AIM OF THE TASK: Return the data below exactly, but only from the line containing "válaszfalakkal, hord szíjjal" through the line containing "Couple sharing a", with both of those lines included.

RECORD SET:
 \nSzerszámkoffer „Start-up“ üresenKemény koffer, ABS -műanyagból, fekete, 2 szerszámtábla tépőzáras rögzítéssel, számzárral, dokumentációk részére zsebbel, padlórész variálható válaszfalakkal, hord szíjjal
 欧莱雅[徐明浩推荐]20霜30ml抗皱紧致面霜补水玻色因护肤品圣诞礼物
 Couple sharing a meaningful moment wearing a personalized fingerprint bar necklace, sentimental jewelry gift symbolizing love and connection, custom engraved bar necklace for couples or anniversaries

* * *

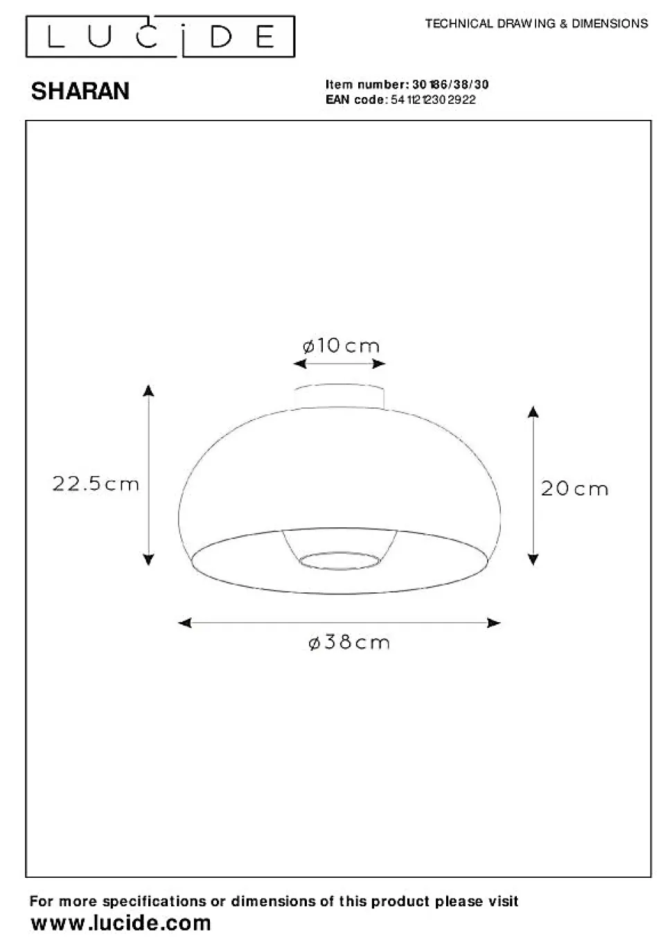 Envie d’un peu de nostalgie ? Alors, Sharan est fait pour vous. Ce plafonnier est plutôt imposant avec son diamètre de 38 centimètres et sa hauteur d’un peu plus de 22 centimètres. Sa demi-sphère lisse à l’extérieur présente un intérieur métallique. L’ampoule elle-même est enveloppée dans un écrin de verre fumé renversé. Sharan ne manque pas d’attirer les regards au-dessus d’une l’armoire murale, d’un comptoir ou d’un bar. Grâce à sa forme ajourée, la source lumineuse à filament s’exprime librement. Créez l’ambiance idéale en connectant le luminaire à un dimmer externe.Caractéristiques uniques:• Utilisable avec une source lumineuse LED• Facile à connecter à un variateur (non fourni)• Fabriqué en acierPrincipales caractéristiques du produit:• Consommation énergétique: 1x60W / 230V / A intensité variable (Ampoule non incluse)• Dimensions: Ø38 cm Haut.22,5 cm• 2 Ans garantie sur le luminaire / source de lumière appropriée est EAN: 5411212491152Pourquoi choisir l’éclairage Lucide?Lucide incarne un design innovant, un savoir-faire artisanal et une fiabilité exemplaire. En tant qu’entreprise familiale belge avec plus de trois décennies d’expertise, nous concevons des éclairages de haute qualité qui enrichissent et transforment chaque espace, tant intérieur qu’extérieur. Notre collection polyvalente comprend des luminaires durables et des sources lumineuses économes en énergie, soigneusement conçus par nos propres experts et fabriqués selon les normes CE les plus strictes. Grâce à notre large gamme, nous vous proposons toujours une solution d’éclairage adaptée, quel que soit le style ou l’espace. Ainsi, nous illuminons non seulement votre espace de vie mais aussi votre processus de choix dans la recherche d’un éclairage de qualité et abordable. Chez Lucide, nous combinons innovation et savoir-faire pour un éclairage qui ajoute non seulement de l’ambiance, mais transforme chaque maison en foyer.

RESPONSE FOR THIS EXERCISE:
 \nSzerszámkoffer „Start-up“ üresenKemény koffer, ABS -műanyagból, fekete, 2 szerszámtábla tépőzáras rögzítéssel, számzárral, dokumentációk részére zsebbel, padlórész variálható válaszfalakkal, hord szíjjal
 欧莱雅[徐明浩推荐]20霜30ml抗皱紧致面霜补水玻色因护肤品圣诞礼物
 Couple sharing a meaningful moment wearing a personalized fingerprint bar necklace, sentimental jewelry gift symbolizing love and connection, custom engraved bar necklace for couples or anniversaries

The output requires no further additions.